Tuesday, September 13, 2005

Golf Goes to War

Sports books hit the marketplace with regularity. I’ve had the pleasure of reading and reviewing quite a few during my writing career. Even in the midst of our mass-media-ized, fast-paced, Internet-crazed world, books still hold their charm, offering the reader an intimate one-on-one encounter with, in the best cases, a good writer who’s got something singular to say. We’ll be taking a look at new books from time to time at SMA. Here’s our first review:

Author: John Strege
Title: When War Played Through: Golf During World War II
Publisher: Gotham Books
Price: $26
ISBN: 1-592-40154-6

World War II was a calamitous event that dramatically changed everything—even the game of golf. John Strege’s When War Played Through: Golf During World War II profiles golf’s impact on the war effort and effectively catalogs the challenges the sport faced in maintaining its public image during difficult times.

Unlike major league baseball, which continued throughout the war at the insistence of President Franklin D. Roosevelt, golf in the U.S. took a hiatus from 1942-45, its officials “stepping away from their elitist traditions on behalf of the greater good. It was a defining moment for golf and for those governing it, who acknowledged without reluctance--some, perhaps for the first time--that as Americans they were all in this together.“

Instead, through the efforts of the game’s greats (e.g., Bobby Jones, Ben Hogan, Sam Snead and Byron Nelson) and entertainers like Bob Hope and Bing Crosby, golf became a key source of fundraising and morale-boosting, and even a form of occupational therapy for wounded GIs (which helped spur the sport’s postwar boom as a more plebeian pursuit). As Strege tells it, Jones and Hogan took more active roles as soldiers in the U.S. Army Air Corps. Snead, while enlisted, mostly spent his time in the service teaching soldiers how to play the game--and filling out foursomes with officers honored to have his company. Nelson, 4-F due to a rare but non-life-threatening blood disorder, had the distinction (and good fortune) of spending his war years playing exhibition matches for war bonds.

Strege ranges widely over people, places (both home and abroad), and episodes great and small, recounting rubber shortages that affected the supply of golf balls; the untoward use of prestigious venues like Augusta National for military training and also for Victory gardens and grazing pasture; and even the strange occurrence of Allied POWs building a makeshift golf course at Stalag Luft III, site of events that inspired the film The Great Escape. (Yes, the enterprising, boredom-challenged prisoners had to fashion their own clubs and balls, and Strege even tells us how they did it.)

The author, a frequent contributor to Sports Illustrated, Golf, and Golf World (and also the author of the best-seller Tiger), weaves in brief tales concerning golf aficionado General Dwight D. Eisenhower, whose well-known affection for the game found more prominent exposure after he became U.S. president in 1953. Strege also proffers a little history about the Bush clan in the person of Prescott Bush, the current president’s grandfather, who was an avid, 2-handicap golfer, and who served during the war as national campaign chairman of the USO and also chair of the National War Fund, which oversaw some 600 war relief groups. (Another tidbit: golf’s Walker Cup is named for the current president’s maternal great-grandfather.)

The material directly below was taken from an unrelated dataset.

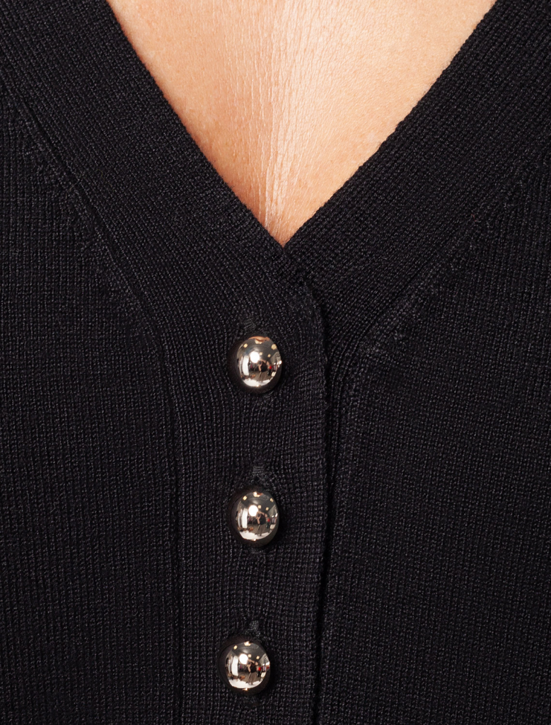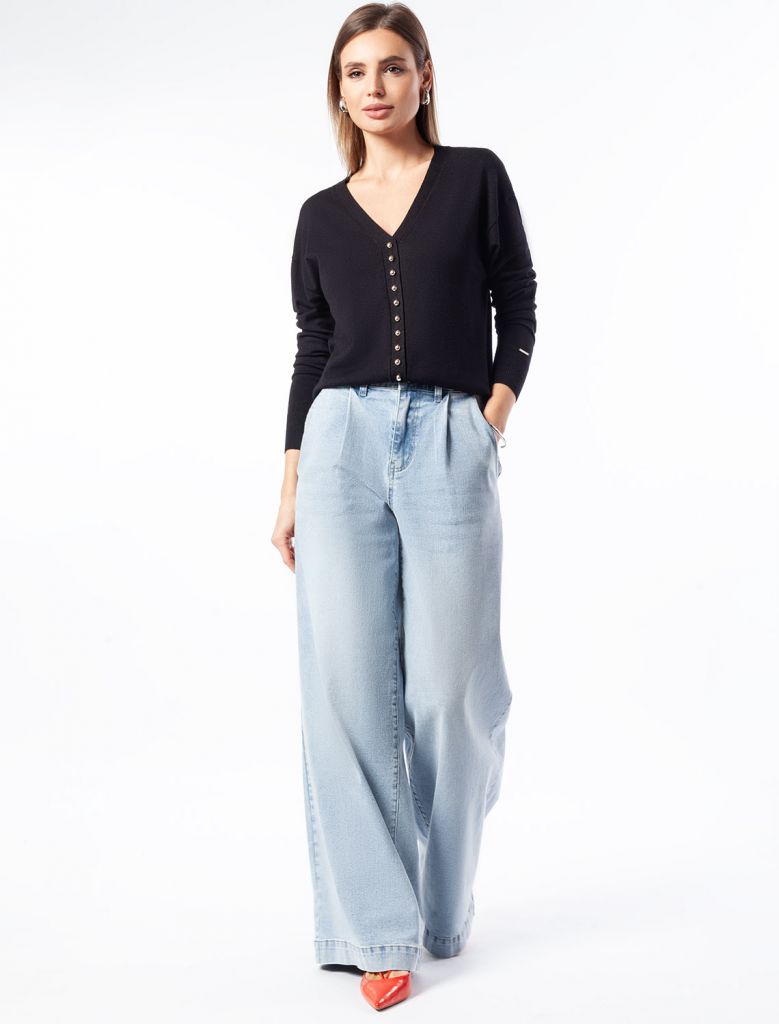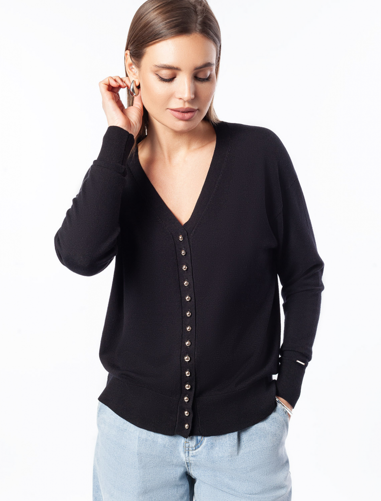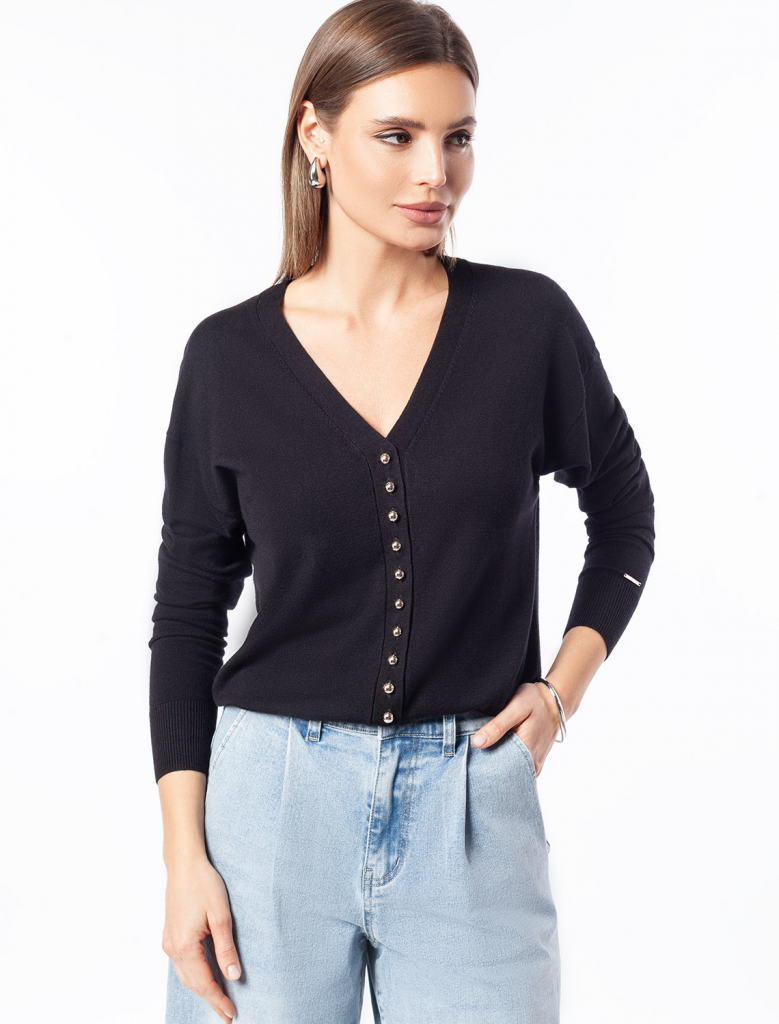 Кардиган тонкой вязки выполнен из нежной пряжи вискозы с нейлоном. Лаконичный силуэт дополнен яркой фишкой изделия - ряд золотистых пуговиц, визуально вытягивающий силуэт. Очень приятное к телу изделие, в котором будет не жарко даже в самые теплые дни. Изделие дополнено логотипом бренда.
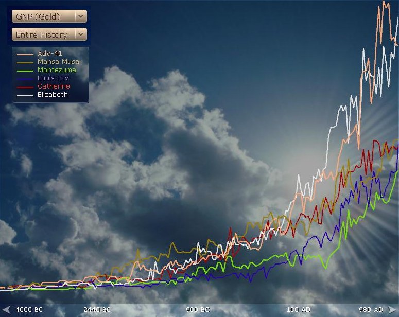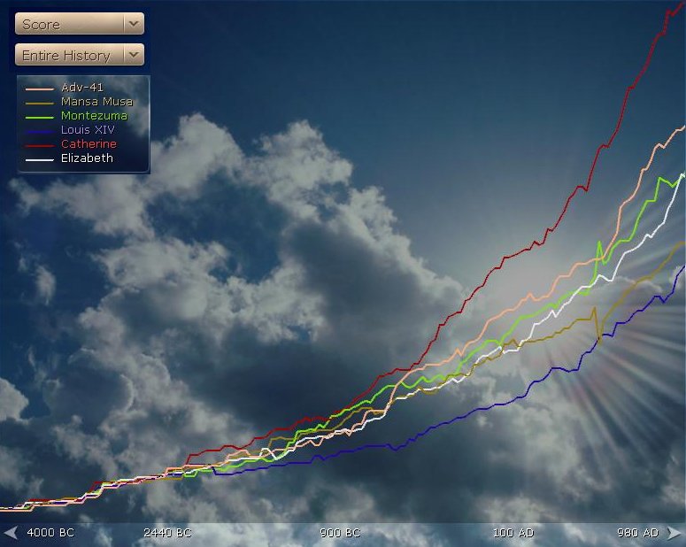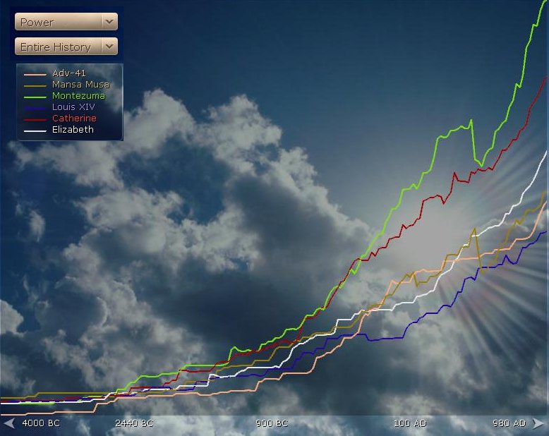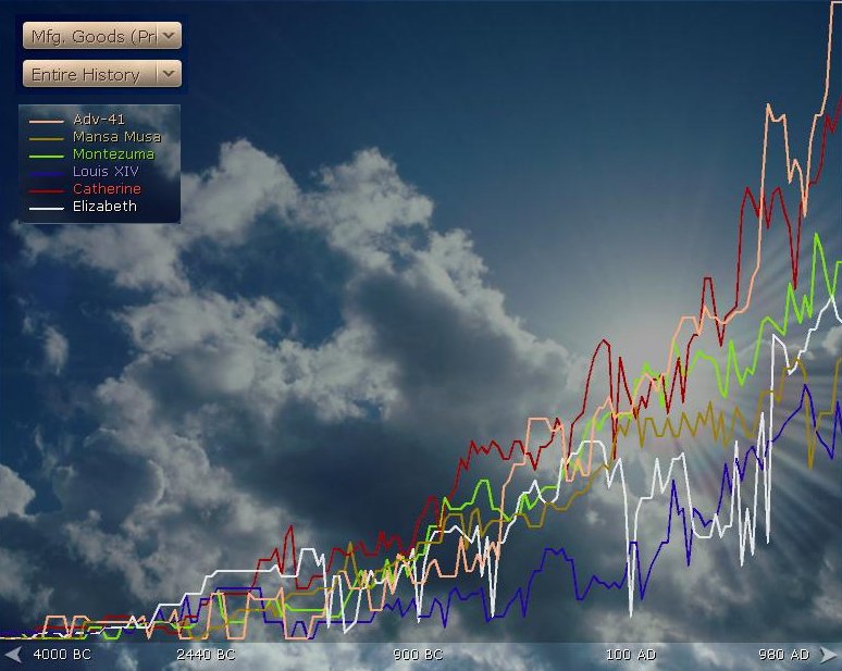 And so 1000AD rocked around. I was second in score to Catherine (1164 to my 888) with 10 cities (all Buddhist). Buddhism was the dominant religion (31%). Elizabeth had Drama, Music, Philo and Compass on me. I had techs on everyone else. I was friendly with Monty (+7) and less with everyone else. Monty was in such a good mood that he was happy to trade me Ivory for Copper. I had the AP almost in the bag and the really big tech for my game was only a few turns away.

More poignantly, Strege relates the stories of promising young golfers (e.g., Georgetown University’s John Burke) who made the ultimate sacrifice for their country. He further clarifies the long-held but incorrect notion that Pearl Harbor’s military and naval chiefs, Lt. General Walter C. Short and Admiral Husband E. Kimmel, were on a fairway when the Japanese planes began their attack. They weren’t. However, they were getting ready to play a scheduled round, and if the attack had come an hour later, a bomb on the 5th Hole green might’ve killed them both.

Concluding chapters offer an overview of the game’s postwar “return to normalcy,” highlighted by the irrepressible Nelson’s unprecedented 11 consecutive PGA victories and the surprise 1946 Masters victory of lesser-known golfer Herman Keiser, who had served as a sailor on the USS Cincinnati .

Strege is a strong, stylish writer, and he deftly manages to develop what, at first glance, might seem to be a rather arcane subject. He puts just enough back-spin on the history to make the golf lore come alive. His book is recommended highly for those golf fans whose broader interests lie beyond the 19th hole.